Bütün meyve ve tohumlar, birer hikmet mucizesi, birer san’at harikası, birer rahmet hediyesi, birer vahdet delili, âhiret yurdundaki İlâhî lütufların birer şahididir. Onlar birer doğru şahid olarak ilân ederler ki, kendilerinin Yaratıcısı herşeye gücü yeten Kadîr ve herşeyi bilen Alîmdir. Onun rahmeti ve ilmi ve yaratması ve tedbiri ve san’at ve tasviri herşeyi kaplamıştır. Onun yaratma ve tedbirine ve san’at ve tasvirine oranla güneş bir tohumcuk gibi, yıldız bir çiçek gibi, yerküre bir tane gibidir; hiçbir şey Ona ağır gelmez. Meyve ve tohumlar, kesret âleminin her tarafında vahdetin aynaları, kaderin işaretleri, kudretin remizleridir ki, bu kesretli varlıkların kaynaklarının vahdetini gösterirler. Onlar, bir kaynaktan çıkmaları sırasında yoktan benzersiz şekilde var eden Fâtırlarının san’at ve tedbirdeki birliğine şehadet ettikleri gibi, tekrar birlikte son bulmalarıyla da san’atkârlarının yaratma ve tedbirindeki hikmetini zikrederler.

Hem o meyve ve tohumlar Rabbânî hikmetin işaretleridir ki, herşeyin Yaratıcısı olan Allah’ın, o cüz’î varlıklara yönelik kapsamlı bakışı, onların cüzlerine dahi baktığını gösterir.
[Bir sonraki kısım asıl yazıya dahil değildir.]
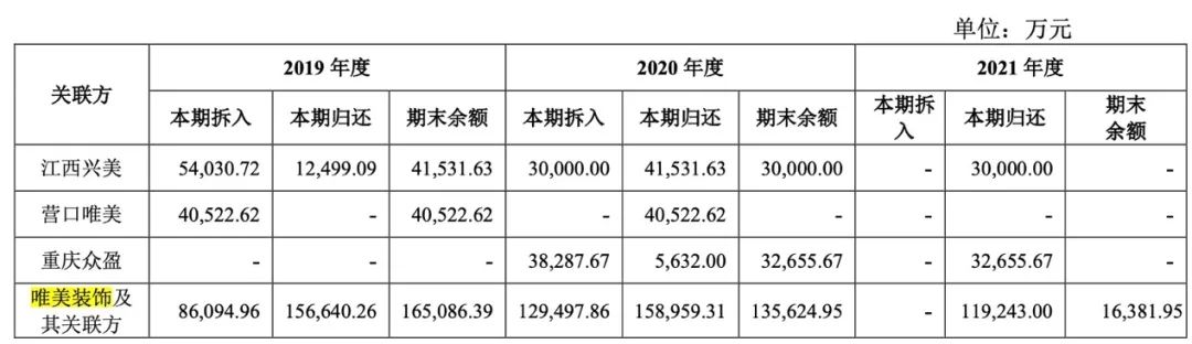 此外,报告期内,马可波罗与关联方发生了大量的资金拆借,其中仅唯美装饰2019年、2020年分别拆入8.61亿元、16.51亿元,2019年-2021年,分别归还15.66亿元、15.9亿元、11.92亿元。2021年没有拆入资金,但2021年还有期末余额1.64亿元。
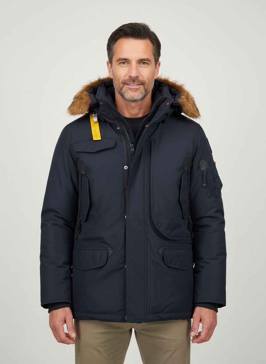 Die marineblaue Außenjacke lässt sich dank ausknöpfbarer Innenjacke und abnehmbarem Kunstpelz an der Kapuze in drei verschiedenen Varianten tragen. Das recycelte Polyamid mit MTD-Technologie schützt zuverlässig vor Wind und Wasser, während die hochwertige 90/10-Daunenfüllung für wohlige Wärme sorgt. Die durchdachte Ausstattung mit sieben Taschen, Belüftungsösen und dem markanten gelben Hakenverschluss vereint urbanen Stil mit Outdoor-Performance. Der verdeckte Zwei-Wege-Reißverschluss und die Weitenregulierung an der Taille ermöglichen flexible Anpassung an jede Wetterlage. PARAJUMPERS ehrt mit jedem Detail die Rettungsflieger Alaskas – funktionale Perfektion trifft auf italienisches Design für echte Abenteurer. Ideal für den Übergang zwischen milden Herbsttagen und eisigen Wintermonaten.Unser Tipp: Kombinieren Sie die Jacke im urbanen Look mit dunklen Jeans und robusten Boots oder sportlich mit Cargohose und Sneakern.
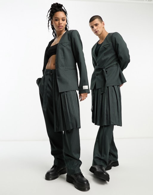IIQUAL – Granatowo-zielony zestaw unisex w prążki: spodnie ze spódnicą i marynarka z paskiem

Çünkü o ağacın yaratılmasının asıl gayesi, onun meyvesidir. İşte, insan da şu kâinatın meyvesidir ve kâinatın Yaratıcısının nazarında en açık gaye odur. Kalb de bir tohumcuk gibidir ve varlıkları yaratan San’atkârın en münevver aynası odur. İşte şu hikmettendir ki, bu kâinattaki şu küçücük insan, bu varlıklar âleminde haşir ve neşir gibi büyük inkılâplara ve kâinatın tahrip edilip değiştirilmesine, başka şekle sokulup yenilenmesine en güçlü gerekçe olur.